On Friday morning I woke up with more itching on my wrists but it wasn’t too bad so I went to work my 13 hour shift on A&E. By 7pm one of my colleagues looked at me and said I look terrible, they prompted a doctor to look at me. By this time the rash was all over my body, my lips were extremely swollen and my eyes. The doctor admitted me, cannulated me and gave me hydrocortisone IV. Sent me home with prednisolone as I had to be back at work the following day at 7am so I insisted I needed to sleep at home and the hydrocortisone seemed to get rid of the swelling.

On Saturday morning at 5am I woke up in very intense pain, my whole body was red and swollen, my face was huge I was dry heaving over the toilet and crying. My fiancé drove me to A&E where my HR was 150 so they did and ECG and cannulated me again. I was given hydrocortisone, chloraphenamine, 1 litre sodium chloride all IV. This seemed to help slightly but I left later that afternoon still slightly puffy.

Because of the hydrocortisone I was told not to start my oral steroids at home until the next morning. So on Saturday afternoon after discharge from the hospital, I went home for a nap and woke up again covered in hives! I went straight back to A&E and ended up spending the night until Sunday morning. That overnight stay I had hydrocortisone, chloraphenamine, citrizine, prednisolone, and then a morning dose of prednisolone before leaving.

This comes to Sunday morning, at home, itching, suffering still, waiting for Monday morning to call the gp for a referral to immunology as instructed. I saw the GP on Monday afternoon and I have been referred to immunology but they have a target to review within 18 weeks. I can’t cope with the sleepless itchy nights with a high heart rate and also a job I need to keep! I have to add that upon my last discharge my LFT’s were elevated probably due to all the medical intervention and inflammation, and my potassium on the cusp of being too low.

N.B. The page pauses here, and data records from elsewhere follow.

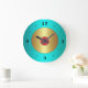 Rich aqua with Gold Centre >Plain Kitchen Clocks
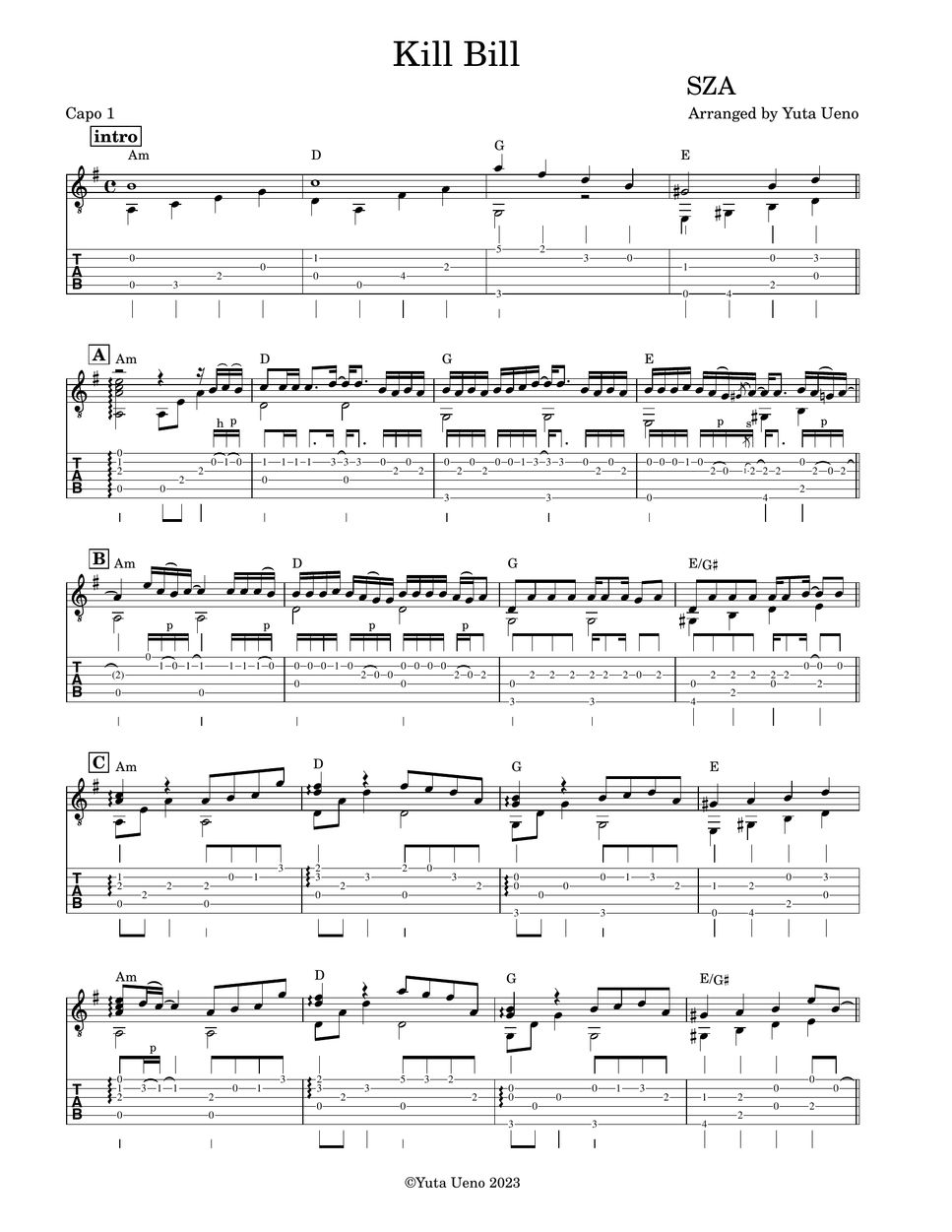 SZA Kill Bill (Fingerstyle) Tab + 1staff by Yuta Ueno
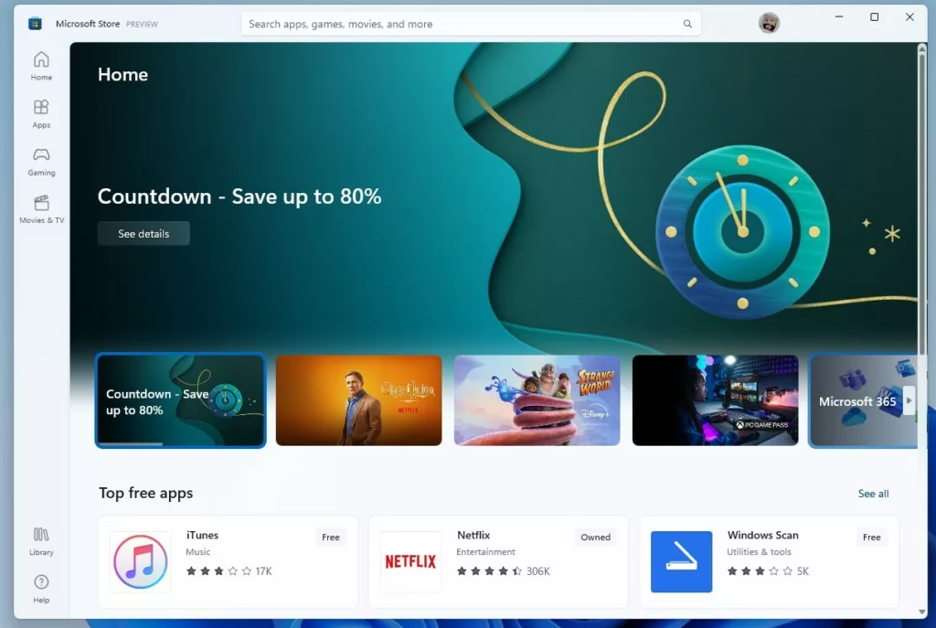 Microsoft Store アプリは、デフォルトで Windows 11 にインストールされています。何もする必要はありません。このアプリは現在、PC で最も使用されているアプリの 1 つであり、アプリ、ゲーム、映画のほか、Xbox Game Pass メンバー向けの映画の特別割引などの特別オファーを見つけてインストールするのに役立ちます。
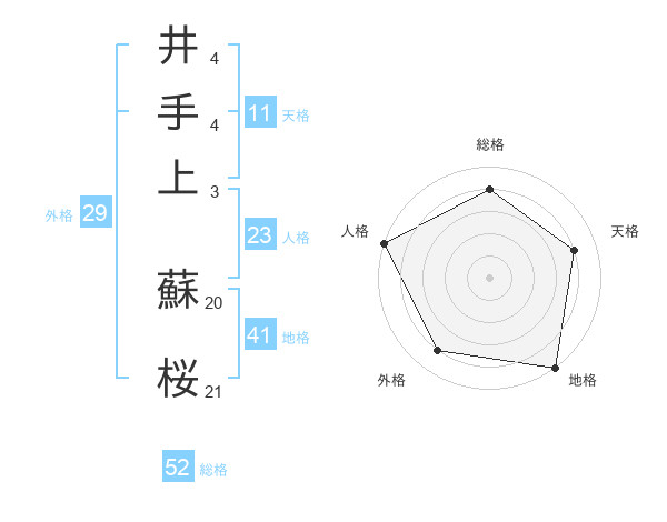 井手上 蘇桜さんを姓名の画数から五運を鑑定

I am keen to hear if anyone else has managed to relieve reoccurring urticaria at home, was it the garlic? Maybe I picked something up abroad? Also to add I do now have 2 Epi-pens at home that I was given on my first admission on Friday evening. Thanks for reading!

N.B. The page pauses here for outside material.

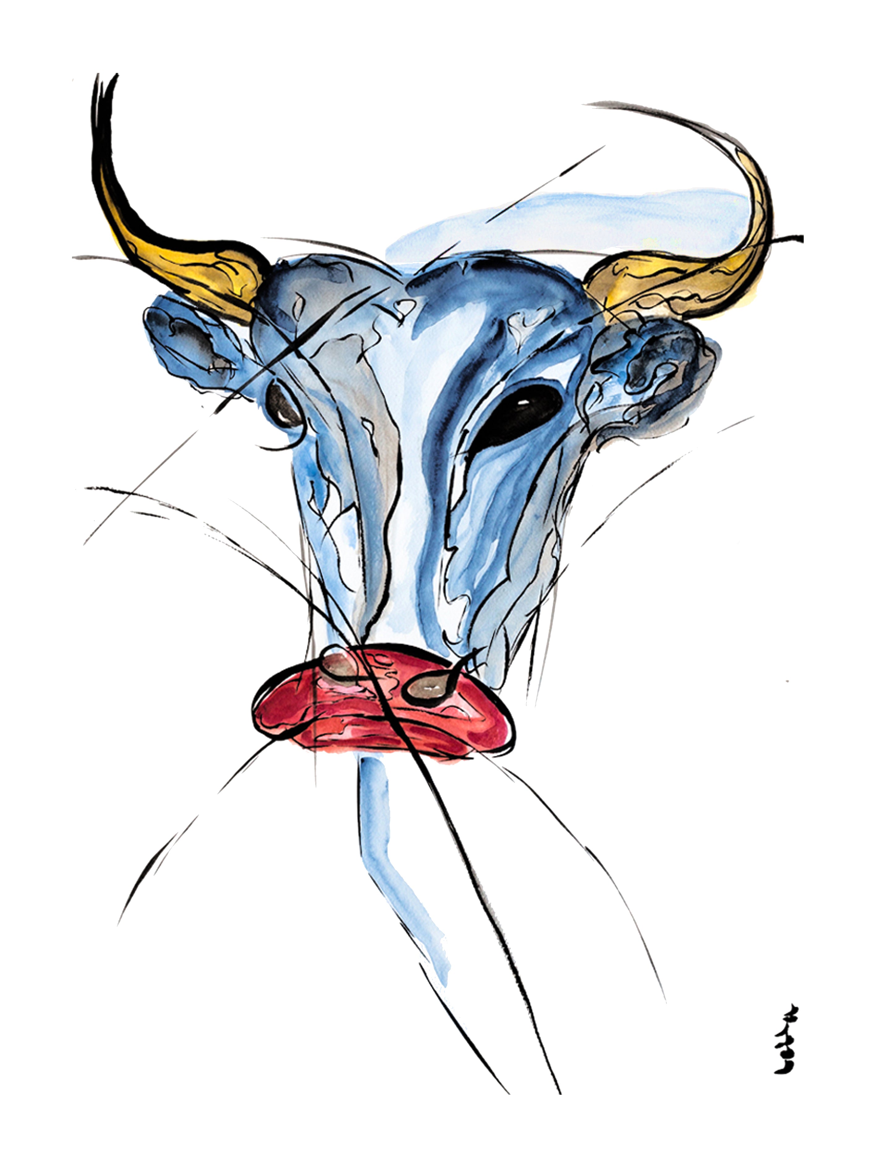Ce portrait de vache transcende le portrait animalier traditionnel avec une touche de modernité excentrique. Laissez vous emporter par l’univers décalé qu’il propose.

My wife and I found out in 2023 that she was pregnant, and around week 7 she developed hives all over her body. At the week 8 scan, her OB told us that the fetus had stopped growing sometime between weeks 6 and 7. We assumed the hives may have been related to hormonal changes.

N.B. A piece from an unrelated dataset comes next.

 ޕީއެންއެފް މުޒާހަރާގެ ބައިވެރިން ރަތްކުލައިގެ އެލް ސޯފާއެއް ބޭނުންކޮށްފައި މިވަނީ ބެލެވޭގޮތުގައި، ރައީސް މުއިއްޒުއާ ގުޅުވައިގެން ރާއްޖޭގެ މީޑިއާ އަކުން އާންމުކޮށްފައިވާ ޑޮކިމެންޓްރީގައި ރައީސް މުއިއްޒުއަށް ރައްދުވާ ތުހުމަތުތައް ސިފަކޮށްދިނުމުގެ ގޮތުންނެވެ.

In 2024, she became pregnant again and successfully delivered our baby without experiencing any hives during the pregnancy.

Now, in 2026, she is pregnant again, and at week 6 she has developed hives once more. Do you think this could again indicate an early pregnancy loss? We are going for an HCG test tomorrow.

Bpc157 seems like it may have helped my urticaria, recently ran out and had a major flare up after a month of mostly clear. Anyone else tried this or any other anti inflammatory peptides?